▶ **Description of the task**:
Retype each line of the data below exactly, beginning with the first and ending with the one that contains "Luego, los niveles". Pictures do not belong in the copy.

▶ **Supplied material**:

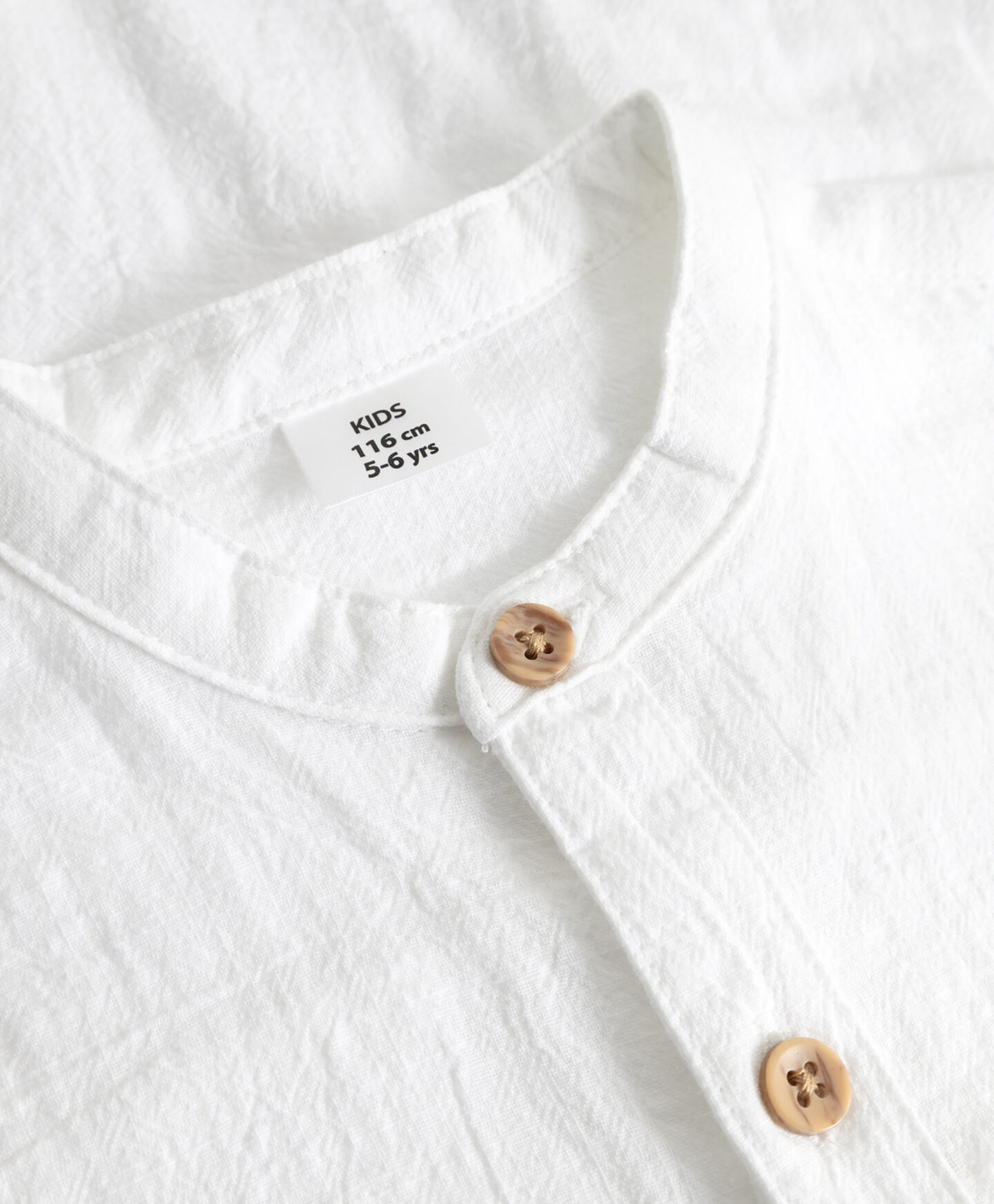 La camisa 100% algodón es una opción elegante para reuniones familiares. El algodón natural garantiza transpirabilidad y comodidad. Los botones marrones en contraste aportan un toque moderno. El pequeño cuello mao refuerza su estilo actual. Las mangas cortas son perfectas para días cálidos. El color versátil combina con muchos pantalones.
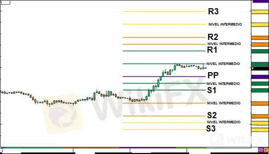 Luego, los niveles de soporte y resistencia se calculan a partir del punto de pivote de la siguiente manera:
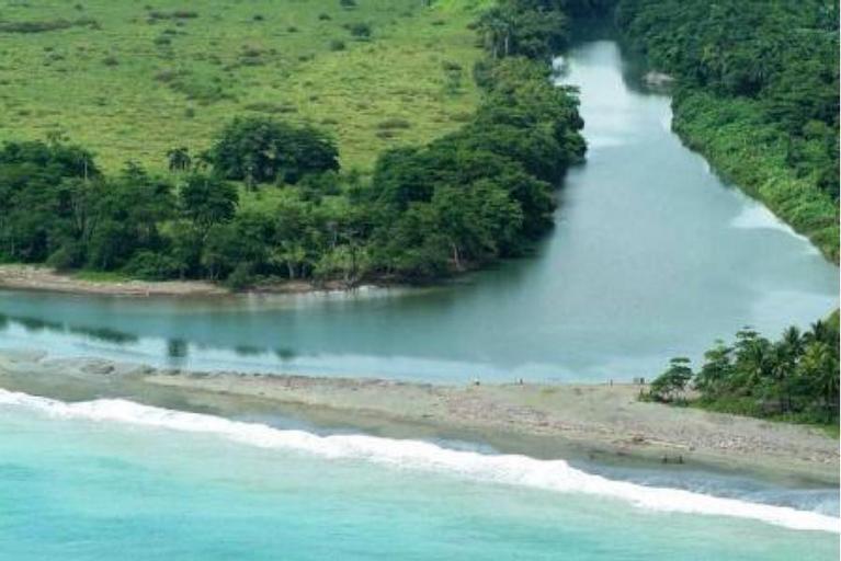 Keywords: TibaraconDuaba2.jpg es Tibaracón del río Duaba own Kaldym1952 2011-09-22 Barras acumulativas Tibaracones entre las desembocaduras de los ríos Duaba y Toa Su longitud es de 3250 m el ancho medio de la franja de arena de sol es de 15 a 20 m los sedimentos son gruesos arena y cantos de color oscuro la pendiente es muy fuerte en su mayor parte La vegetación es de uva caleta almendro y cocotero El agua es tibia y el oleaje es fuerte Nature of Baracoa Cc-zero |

▶ **Result of this task**:
 La camisa 100% algodón es una opción elegante para reuniones familiares. El algodón natural garantiza transpirabilidad y comodidad. Los botones marrones en contraste aportan un toque moderno. El pequeño cuello mao refuerza su estilo actual. Las mangas cortas son perfectas para días cálidos. El color versátil combina con muchos pantalones.
 Luego, los niveles de soporte y resistencia se calculan a partir del punto de pivote de la siguiente manera:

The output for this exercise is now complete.